Task data: Begin

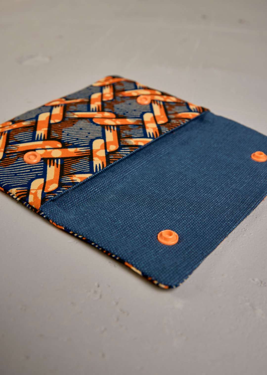 Funda acolchada para ordenador portátil. Exterior confeccionado en sarga algodón y wax algodón. Forro interior en algodón wax 100%. Bolsillo interior para guardar cargador o agenda. Medidas 40*29cms
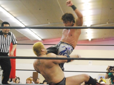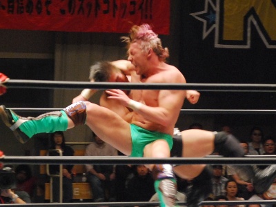 後楽園には12時半に到着。第2試合終わってKENSOが退場するとこ。第3試合から見るけど、渕の試合なので写真は撮らない。第4試合から通常観戦モードに。この試合で復帰のはずの征矢匠がこの試合をもって引退と発表。初めての兄弟コンビはそういう意味だったか。兄のラリアットによるアゴの負傷が原因というのは何とも皮肉。第5試合、ケアのタイガードライバー'91がひど過ぎて。これで「王道」とか言うな。セミは関本&岡林が防衛。次の挑戦者はまたSMOPだそうだ。うーん。そしてメイン、ケニーは世界ジュニア王座防衛失敗。予想通りではあるが、自分の目で見ることに価値がある。試合はいい試合だったしね。観戦記。15時3分試合終了。やはりメインだとこの時間になるなあ。予定変更して正解。
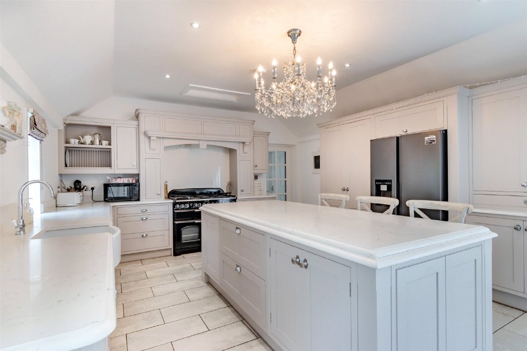 Kitchen/Breakfast/Dining Room 26'6" x 15'9" (8.08m x 4.8m). Two windows to front. French doors to rear. Tiled flooring. Plain ceiling with downlights. Radiator. Fitted wall and base units with island and marble work tops over. Butler sink with mixer taps. Integrated dishwasher. Rangemaster gas range. Space for fridge/freezer.
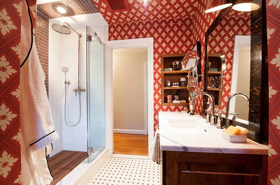 Инновационное использование красных обоев в небольшом помещении (дизайн Christopher Patrick Interiors)
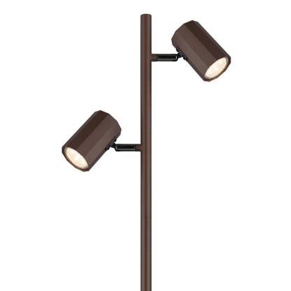 Lampa podłogowa o solidnej konstrukcji wykonanej z metalu i aluminium w głębokim brązowym kolorze posiada dwa klosze zamocowane na smukłej nodze o wysokości 158 cm. Każdy klosz ma średnicę 6 cm i długość 9 cm, całość oparta jest na okrągłej podstawie o średnicy 22 cm. Na czarnym kablu z PVC o długości 180 cm znajduje się włącznik.
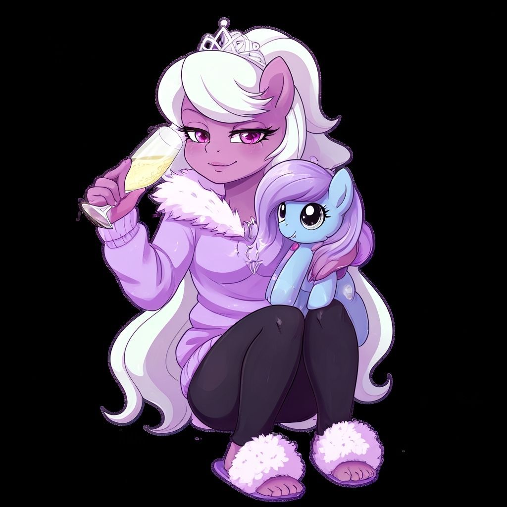 This image shows a grown-up Diamond Tiara from My Little Pony in an opulent setting. She sips champagne with a spoilt expression, in a vibrant anime manga style.
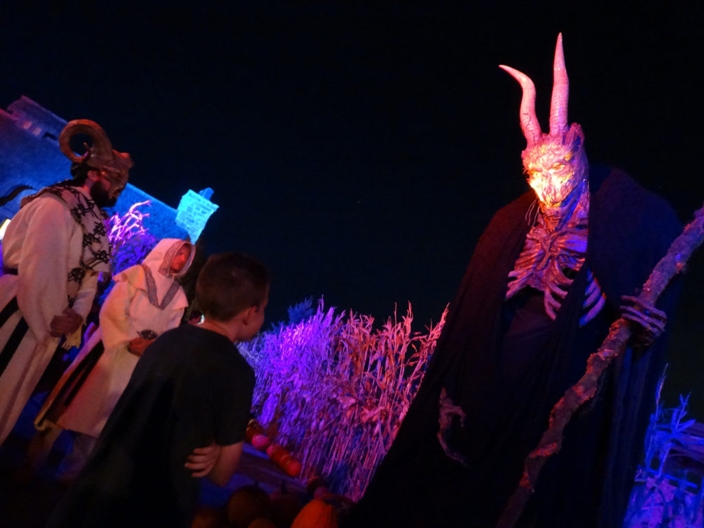 There’s no fighting in Evermore (at least not that I saw) but there is an assortment of tasks assigned by goblins, elves, ghosts, vampires, and yes, also the occasional human. During my visit on the grand opening night I helped a barmaid at the town tavern reclaim pieces from her stolen pearl necklace, found a temporary cure for a strange disease contracted by a local treasure seeker on a recent foray into the mysterious woods, and tried my hand at archery to earn a spot among the town’s hunters guild—I failed at that last one, but it was fun anyway. At one point my fellow reporter Jeremiah and I were even sworn in among a band of druids in front of their menacing 15-foot-tall animatronic devil-god.
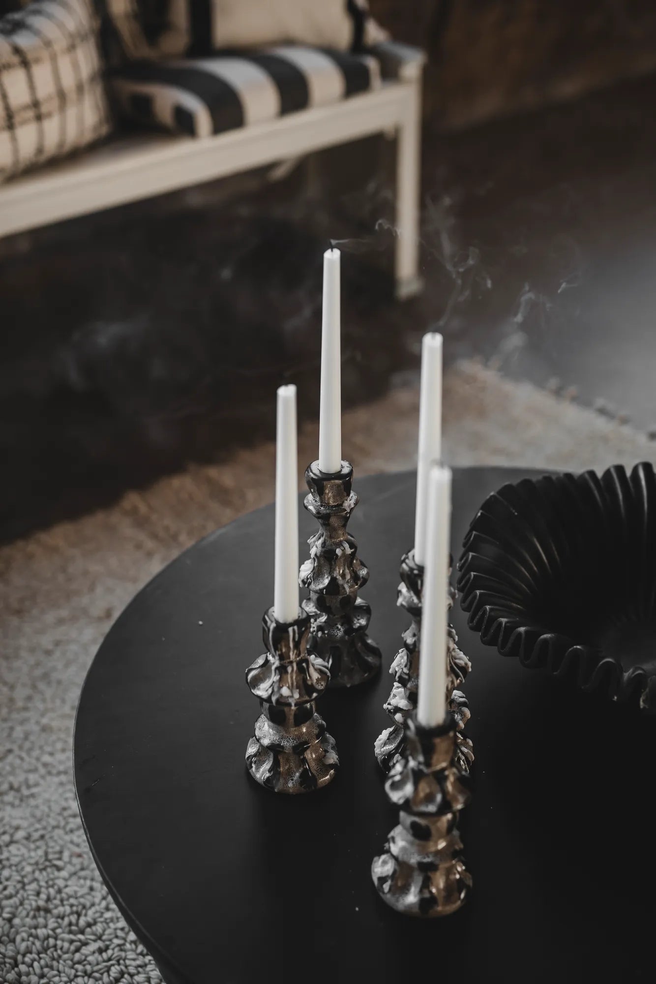 Upptäck Tulip ljusstake, en unik och konstnärlig detalj som kombinerar minimalistisk design med naturlig skönhet. Den abstrakta formen på denna ljusstake gör den till ett iögonfallande konstverk, medan den handmålade finishen och den reaktiva glasyrens subtila färgskiftningar ger varje exemplar en personlig och oersättlig karaktär. Varje ljusstake är en hyllning till det handgjorda hantverket, och ingen är den andra lik. De vackra ränderna och de mjuka färgövergångarna skapar ett dynamiskt uttryck som både ger energi och lugn till ditt hem.

Task data: End

=== What you should do ===
Give again, word for word, every line from the top of the data through the line with "There’s no fighting", both ends included, and exclude the pictures.

=== Reply to the task ===
 Funda acolchada para ordenador portátil. Exterior confeccionado en sarga algodón y wax algodón. Forro interior en algodón wax 100%. Bolsillo interior para guardar cargador o agenda. Medidas 40*29cms
 後楽園には12時半に到着。第2試合終わってKENSOが退場するとこ。第3試合から見るけど、渕の試合なので写真は撮らない。第4試合から通常観戦モードに。この試合で復帰のはずの征矢匠がこの試合をもって引退と発表。初めての兄弟コンビはそういう意味だったか。兄のラリアットによるアゴの負傷が原因というのは何とも皮肉。第5試合、ケアのタイガードライバー'91がひど過ぎて。これで「王道」とか言うな。セミは関本&岡林が防衛。次の挑戦者はまたSMOPだそうだ。うーん。そしてメイン、ケニーは世界ジュニア王座防衛失敗。予想通りではあるが、自分の目で見ることに価値がある。試合はいい試合だったしね。観戦記。15時3分試合終了。やはりメインだとこの時間になるなあ。予定変更して正解。
 Kitchen/Breakfast/Dining Room 26'6" x 15'9" (8.08m x 4.8m). Two windows to front. French doors to rear. Tiled flooring. Plain ceiling with downlights. Radiator. Fitted wall and base units with island and marble work tops over. Butler sink with mixer taps. Integrated dishwasher. Rangemaster gas range. Space for fridge/freezer.
 Инновационное использование красных обоев в небольшом помещении (дизайн Christopher Patrick Interiors)
 Lampa podłogowa o solidnej konstrukcji wykonanej z metalu i aluminium w głębokim brązowym kolorze posiada dwa klosze zamocowane na smukłej nodze o wysokości 158 cm. Każdy klosz ma średnicę 6 cm i długość 9 cm, całość oparta jest na okrągłej podstawie o średnicy 22 cm. Na czarnym kablu z PVC o długości 180 cm znajduje się włącznik.
 This image shows a grown-up Diamond Tiara from My Little Pony in an opulent setting. She sips champagne with a spoilt expression, in a vibrant anime manga style.
 There’s no fighting in Evermore (at least not that I saw) but there is an assortment of tasks assigned by goblins, elves, ghosts, vampires, and yes, also the occasional human. During my visit on the grand opening night I helped a barmaid at the town tavern reclaim pieces from her stolen pearl necklace, found a temporary cure for a strange disease contracted by a local treasure seeker on a recent foray into the mysterious woods, and tried my hand at archery to earn a spot among the town’s hunters guild—I failed at that last one, but it was fun anyway. At one point my fellow reporter Jeremiah and I were even sworn in among a band of druids in front of their menacing 15-foot-tall animatronic devil-god.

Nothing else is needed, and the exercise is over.